Method catches more cancers, but requires more recalls and biopsies of women without disease

FRIDAY, Dec. 19 (HealthDay News) -- Computer-aided detection (CAD) mammography can detect breast cancers that single-read mammography might miss, but drawbacks may include false-positive findings and overtreatment of slow-growing cancers, according to an evidence report released by the ECRI Institute, a non-profit organization, in December.

The report's authors write that with CAD systems, a patient undergoes mammography and a radiologist reviews the findings. The computer system then checks the film or digital image and marks suspicious areas for the radiologist to review. The authors reviewed seven studies on CAD mammography involving more than 300,000 women.

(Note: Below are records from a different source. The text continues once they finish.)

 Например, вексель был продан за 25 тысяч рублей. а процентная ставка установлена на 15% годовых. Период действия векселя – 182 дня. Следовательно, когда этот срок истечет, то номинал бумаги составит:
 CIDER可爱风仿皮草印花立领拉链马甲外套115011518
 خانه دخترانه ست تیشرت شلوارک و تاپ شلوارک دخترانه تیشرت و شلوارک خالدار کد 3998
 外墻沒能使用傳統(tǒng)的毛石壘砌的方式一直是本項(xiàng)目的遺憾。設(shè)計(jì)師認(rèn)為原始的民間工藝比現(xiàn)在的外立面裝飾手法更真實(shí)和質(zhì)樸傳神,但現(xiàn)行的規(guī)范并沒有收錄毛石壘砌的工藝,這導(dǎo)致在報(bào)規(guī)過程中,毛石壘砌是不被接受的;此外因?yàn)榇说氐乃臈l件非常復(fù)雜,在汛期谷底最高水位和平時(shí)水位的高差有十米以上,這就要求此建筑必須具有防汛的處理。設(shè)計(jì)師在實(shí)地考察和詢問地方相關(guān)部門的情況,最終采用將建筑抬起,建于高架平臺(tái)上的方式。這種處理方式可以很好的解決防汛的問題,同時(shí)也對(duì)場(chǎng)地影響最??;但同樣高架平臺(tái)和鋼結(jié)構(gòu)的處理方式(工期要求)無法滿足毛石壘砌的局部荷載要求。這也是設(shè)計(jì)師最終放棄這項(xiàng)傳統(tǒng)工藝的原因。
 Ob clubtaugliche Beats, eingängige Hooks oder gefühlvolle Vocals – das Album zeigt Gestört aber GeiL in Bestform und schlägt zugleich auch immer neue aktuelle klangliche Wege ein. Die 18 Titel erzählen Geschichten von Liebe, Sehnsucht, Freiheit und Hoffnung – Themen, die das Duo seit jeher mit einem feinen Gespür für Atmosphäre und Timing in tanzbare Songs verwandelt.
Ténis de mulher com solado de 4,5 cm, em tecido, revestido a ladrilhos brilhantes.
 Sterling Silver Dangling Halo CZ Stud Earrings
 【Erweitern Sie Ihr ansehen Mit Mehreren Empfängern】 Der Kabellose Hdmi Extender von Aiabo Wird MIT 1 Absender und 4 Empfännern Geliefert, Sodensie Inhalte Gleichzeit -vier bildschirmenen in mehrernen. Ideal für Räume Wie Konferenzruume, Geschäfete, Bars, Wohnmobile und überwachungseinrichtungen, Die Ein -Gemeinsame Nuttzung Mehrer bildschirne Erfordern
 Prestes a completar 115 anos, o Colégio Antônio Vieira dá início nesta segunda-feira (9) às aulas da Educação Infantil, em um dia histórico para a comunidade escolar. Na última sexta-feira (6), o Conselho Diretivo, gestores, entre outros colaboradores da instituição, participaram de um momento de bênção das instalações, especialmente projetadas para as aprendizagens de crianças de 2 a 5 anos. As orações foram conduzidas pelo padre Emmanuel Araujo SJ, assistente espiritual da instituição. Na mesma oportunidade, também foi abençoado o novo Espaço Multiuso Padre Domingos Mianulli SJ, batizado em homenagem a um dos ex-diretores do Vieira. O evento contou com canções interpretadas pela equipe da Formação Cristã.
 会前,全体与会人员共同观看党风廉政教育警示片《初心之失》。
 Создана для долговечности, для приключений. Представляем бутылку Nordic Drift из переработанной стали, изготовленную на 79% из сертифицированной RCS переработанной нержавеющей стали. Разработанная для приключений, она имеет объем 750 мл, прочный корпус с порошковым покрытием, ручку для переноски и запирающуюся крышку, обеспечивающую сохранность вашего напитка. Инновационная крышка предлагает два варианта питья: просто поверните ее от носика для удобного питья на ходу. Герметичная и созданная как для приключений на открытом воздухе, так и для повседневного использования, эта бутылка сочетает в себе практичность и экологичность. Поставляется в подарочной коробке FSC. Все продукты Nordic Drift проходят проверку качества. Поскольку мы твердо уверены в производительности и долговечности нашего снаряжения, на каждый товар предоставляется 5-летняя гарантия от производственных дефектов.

The sensitivity of this method is an estimated 84.2 to 87.6 percent, and specificity is an estimated 88.1 percent to 88.3 percent, the report indicates. CAD will provide roughly 50 additional cancer diagnoses per 100,000 women screened. However, this benefit requires 1,090 to 1,290 additional recalls of women without breast cancer, along with 80 additional biopsies of women who don't have breast cancer, the institute notes.

"Advantages of CAD include that CAD does lead to the diagnosis of some cancers that would not have been diagnosed based upon single-read mammography alone," the authors write. But they add that "if CAD recognizes only slow-growing cancers that would not become clinically evident during the patient's lifetime, then these incremental diagnoses may actually be disadvantageous due to overtreatment. CAD is associated with false-positive findings, which are associated with patient distress, changes in attitude toward mammography and breast cancer, and increased utilization of health care visits."